§ **Problem to solve**
Take nothing but the lines from the one with "Includes a one" through the one with "The second floor is the first" in the entries below, both ends kept, and return them exactly with pictures left out.

§ **Task material**

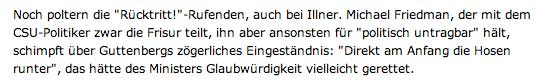 Aber eins ist auch ein Gutes an der ganzen Sache. Keulen können heute lebensbedrohlich geschwungen werden auch ohne Auschwitz im Schilde zu führen. Und sowas wie Fussnoten und Gebrauch von Zitaten in Doktor-Arbeiten(Arbeiten!)sind nun überall im Munde, wenn auch oft nur falsch verstanden. Ehre und Anstand werden wieder genannt und als des Adels Stand unserer Geschichte angerufen. Tut sie nicht enttäuschen.
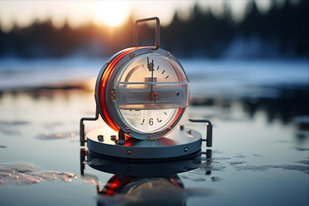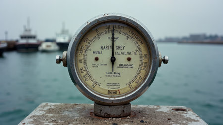 Vintage marine pressure gauge by water with boats in background on overcast day. That the image is generated using AI.
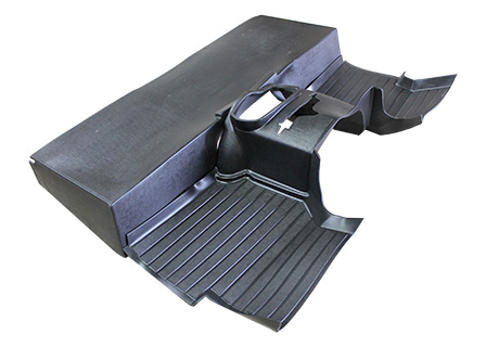 Includes a one piece floor mat section that covers both driver/passenger footwells and the transmission tunnel between them, these footwell sections have additional foam noise suppression panels on the underside. A seatbox section that covers all 3 open sides of the seatbox (note, will require cutting to allow access to storage sections and gearbox access plate as well as hole clearing to suit your vehicle's seat mounting points etc) and a firewall/bulkhead section. The whole kit is water repellent and flame retardant, made of extra thick, cast, dense, black polyurethane averaging 1/2" thick.
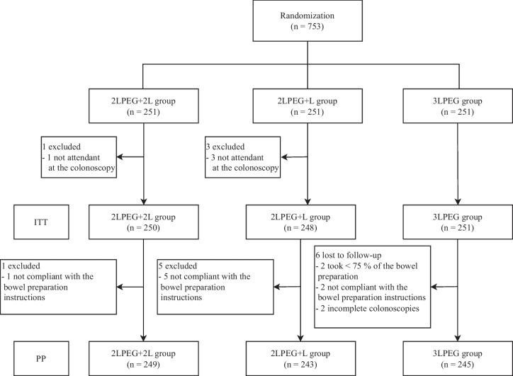 Results: A total of 753 patients were randomly assigned. In ITT analysis, the success of preparation of the 2LPEG + 2L group was better than that of the 2LPEG + L group or the 3LPEG group (92.0% vs. 82.3% vs. 82.1%; P = 0.002). Compared with the 3LPEG group, the 2LPEG + L group showed similar but non-inferior results (82.3% vs. 82.1%, P > 0.05). The 2LPEG + 2L group was similar to the 2LPEG + L group in terms of adverse reaction, tolerance, willingness to reuse, and sleep quality, but both were superior to the 3LPEG group. In a subgroup analysis of chronic constipation, the 2LPEG + 2L group had the best cleansing effect on the right colon and mid colon, while in the subgroup analysis of irritable bowel syndrome, the tolerance was better in the 2LPEG + 2L group and the 2LPEG + L group than the 3LPEG group.
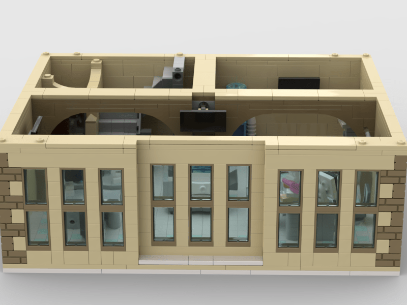 The second floor is the first floor where a staircase moves in to accommodate the stair step design of the building. Another interesting element of the second floor is the use of arches to break the floor up to make it seem busier, and more lifelike.
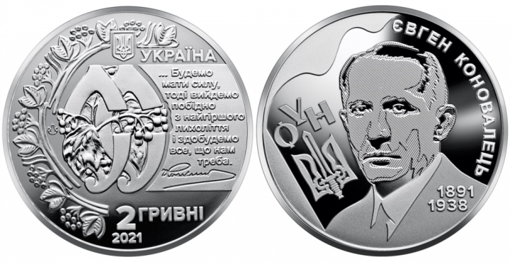 «Пам’ятна монета «Євген Коновалець» номіналом 2 гривні, продовжує серію «Видатні особистості України», вона присвячена військовому і політичному діячеві, особистості, що символізує спадковість української національно-визвольної боротьби, – Євгену Михайловичу Коновальцю… Монету виготовлено з нейзильберу, категорія якості карбування – «спеціальний анциркулейтед», маса – 12,8 г, діаметр – 31,0 мм, тираж – 35 000 штук. Гурт монети – рифлений», – сповіщає сайт НБУ.
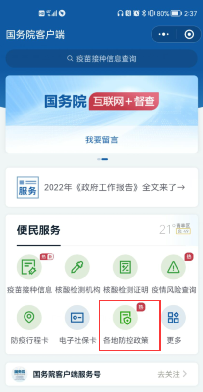 大家可以在微信或者支付宝搜索“国务院客户端”,然后进入该小程序,在国务院客户端首页就能看到【各地防控政策】,接着点击进入就可以查询到国内各地的一个实施入境及防疫政策。
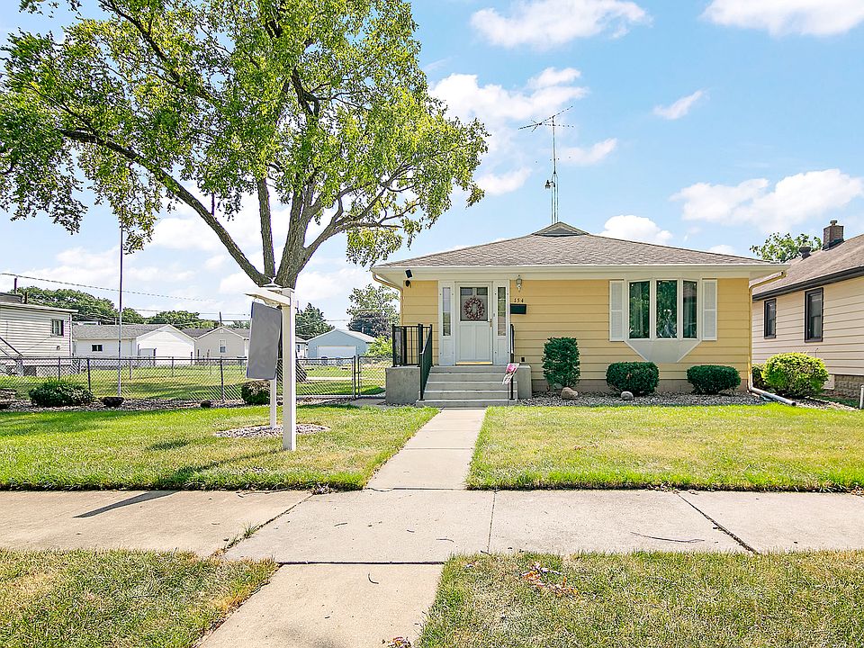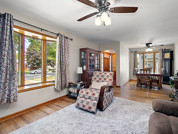 Beautifully maintained! This classic ranch style home offers timeless charm and thoughtful updates. The spacious living and dining area is filled with natural light and highlighted by beautiful hardwood floors. The efficient kitchen features 42" cabinets and excellent storage. A vintage inspired hall bath showcases stylish tile and a retro mirror, adding character to the home. The full basement is an entertainer's dream with a huge rec room, a dry bar, and an entire wall of built-in storage. You'll also find a large laundry/utility area and a workshop an ideal use of space. Set on two lots, the fenced in property boasts mature landscaping, concrete patio and a 3-car garage. This home is truly a rare find beautifully cared for and ready for its next chapter!

§ **Exercise response**
 Includes a one piece floor mat section that covers both driver/passenger footwells and the transmission tunnel between them, these footwell sections have additional foam noise suppression panels on the underside. A seatbox section that covers all 3 open sides of the seatbox (note, will require cutting to allow access to storage sections and gearbox access plate as well as hole clearing to suit your vehicle's seat mounting points etc) and a firewall/bulkhead section. The whole kit is water repellent and flame retardant, made of extra thick, cast, dense, black polyurethane averaging 1/2" thick.
 Results: A total of 753 patients were randomly assigned. In ITT analysis, the success of preparation of the 2LPEG + 2L group was better than that of the 2LPEG + L group or the 3LPEG group (92.0% vs. 82.3% vs. 82.1%; P = 0.002). Compared with the 3LPEG group, the 2LPEG + L group showed similar but non-inferior results (82.3% vs. 82.1%, P > 0.05). The 2LPEG + 2L group was similar to the 2LPEG + L group in terms of adverse reaction, tolerance, willingness to reuse, and sleep quality, but both were superior to the 3LPEG group. In a subgroup analysis of chronic constipation, the 2LPEG + 2L group had the best cleansing effect on the right colon and mid colon, while in the subgroup analysis of irritable bowel syndrome, the tolerance was better in the 2LPEG + 2L group and the 2LPEG + L group than the 3LPEG group.
 The second floor is the first floor where a staircase moves in to accommodate the stair step design of the building. Another interesting element of the second floor is the use of arches to break the floor up to make it seem busier, and more lifelike.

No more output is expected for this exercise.